Func _InfiniteShift($dHex, $bRightShift = True)
    If Not StringIsXDigit($dHex) Then Return SetError(1)

    Local $dTargetHx, $dAdjacentHx, $dShiftedHx = ""
    If $bRightShift Or $bRightShift = Default Then
        ; Right Shift
        $dHex = '0' & $dHex
        For $i = 2 To StringLen($dHex)
            $dTargetHx = StringMid($dHex, $i, 1)
            $dAdjacentHx = StringMid($dHex, $i -1, 1)
            $dShiftedHx &= Hex(Int(Floor(Dec($dTargetHx)/2) + Mod(Dec($dAdjacentHx), 2) *8), 1)
        Next

    Else
        ; Left Shift
        $dHex = $dHex & '0'
        For $i = 1 To StringLen($dHex) -1
            $dTargetHx = StringMid($dHex, $i, 1)
            $dAdjacentHx = StringMid($dHex, $i +1, 1)
            $dShiftedHx &= Hex(Int(Mod(Dec($dTargetHx), 8) *2 + (Dec($dAdjacentHx) > 7)), 1)
        Next
    EndIf

    Return $dShiftedHx
EndFunc

Edited June 10, 2014 by czardas

[Mat]

Your problem is that you are using floating point operations when you really don't need to.

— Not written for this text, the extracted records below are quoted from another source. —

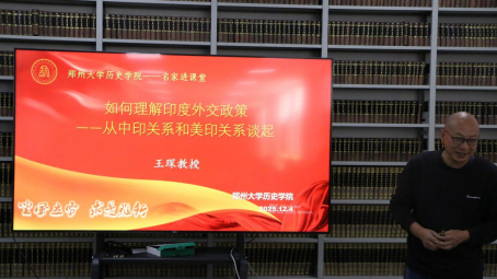 12月4日中午,郑州大学嵩山论坛——名师学人讲座第六十八讲在历史学院201会议室顺利举行。本次讲座特邀历史学院王琛老师作题为《如何理解印度外交政策——从中印关系和美印关系谈起》的专题讲座。这次讲座由历史学院副院长庞卫东教授主持,学院50余名师生参加。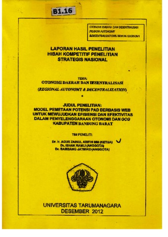 Arifin, Agus Zainul and Ramli, Ishak and Jatmiko, Bambang (2012) Model pemetaan potensi pad berbasis web untuk mewujudkan efisiensi dan efektivitas dalam penyelenggaraan otonomi dan gcg kabupaten bandung barat. Laporan Hasil Penelitian Hibah Kompetitif Penelitian Strategis Nasional.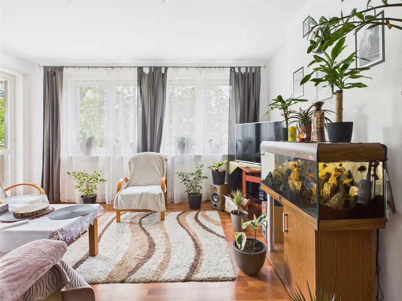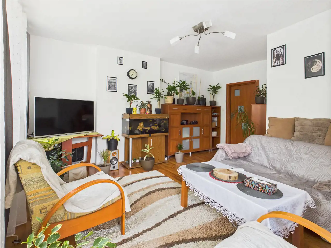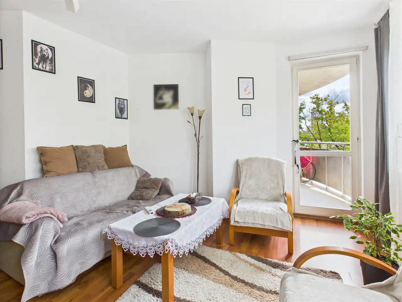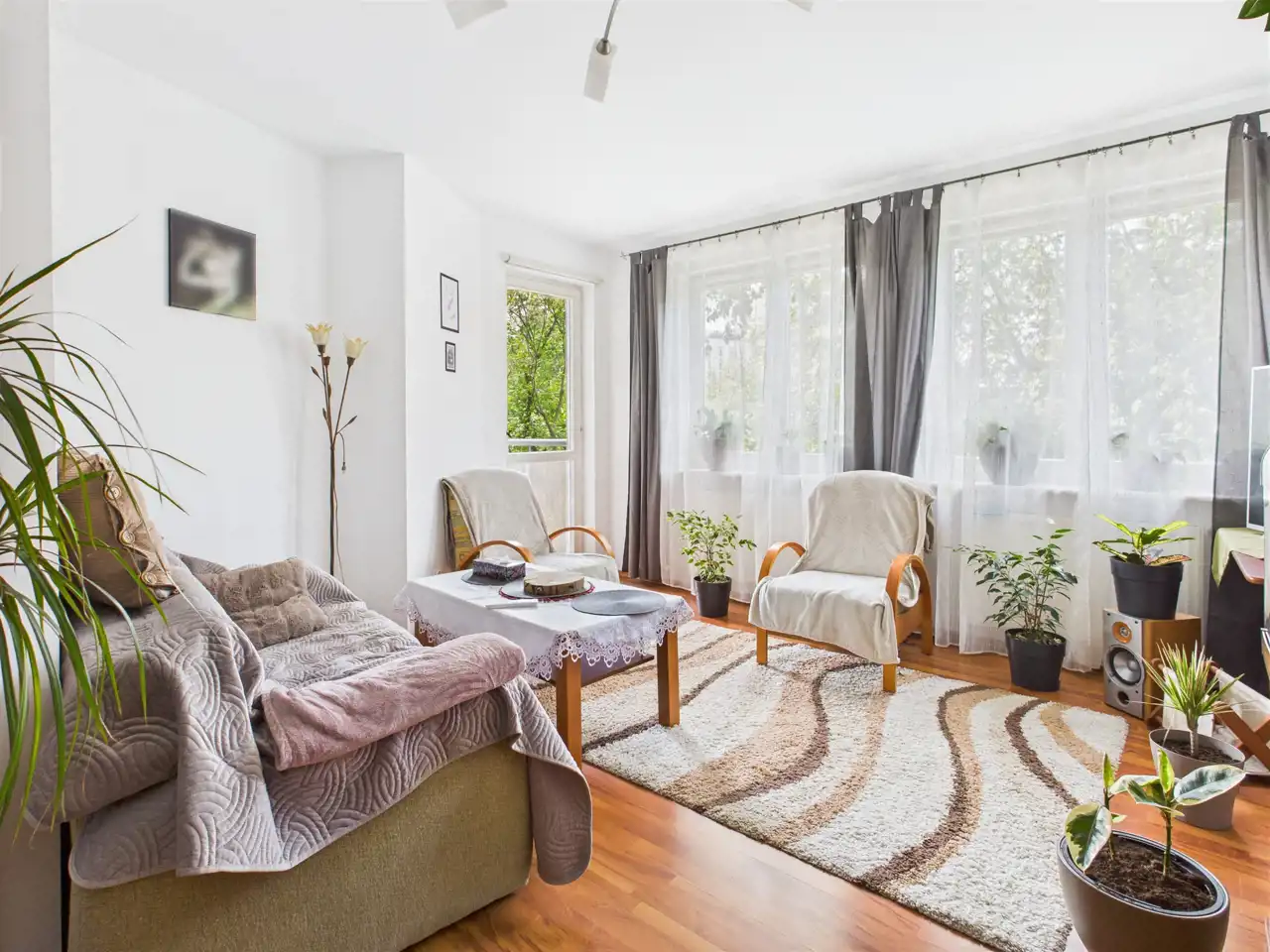 salon z wyjściem na balkon,

For example Floor($n / 2) is equivalent to BitShift($n, 1), without the need for floats to be involved at all. Calls to Int() are the least of your concerns with performance when you are doing conversions to floating point and doing division by 2 like that. Also, with Mod($n, power of 2) you could do it with BitAND($n, power of 2 - 1) for consistency.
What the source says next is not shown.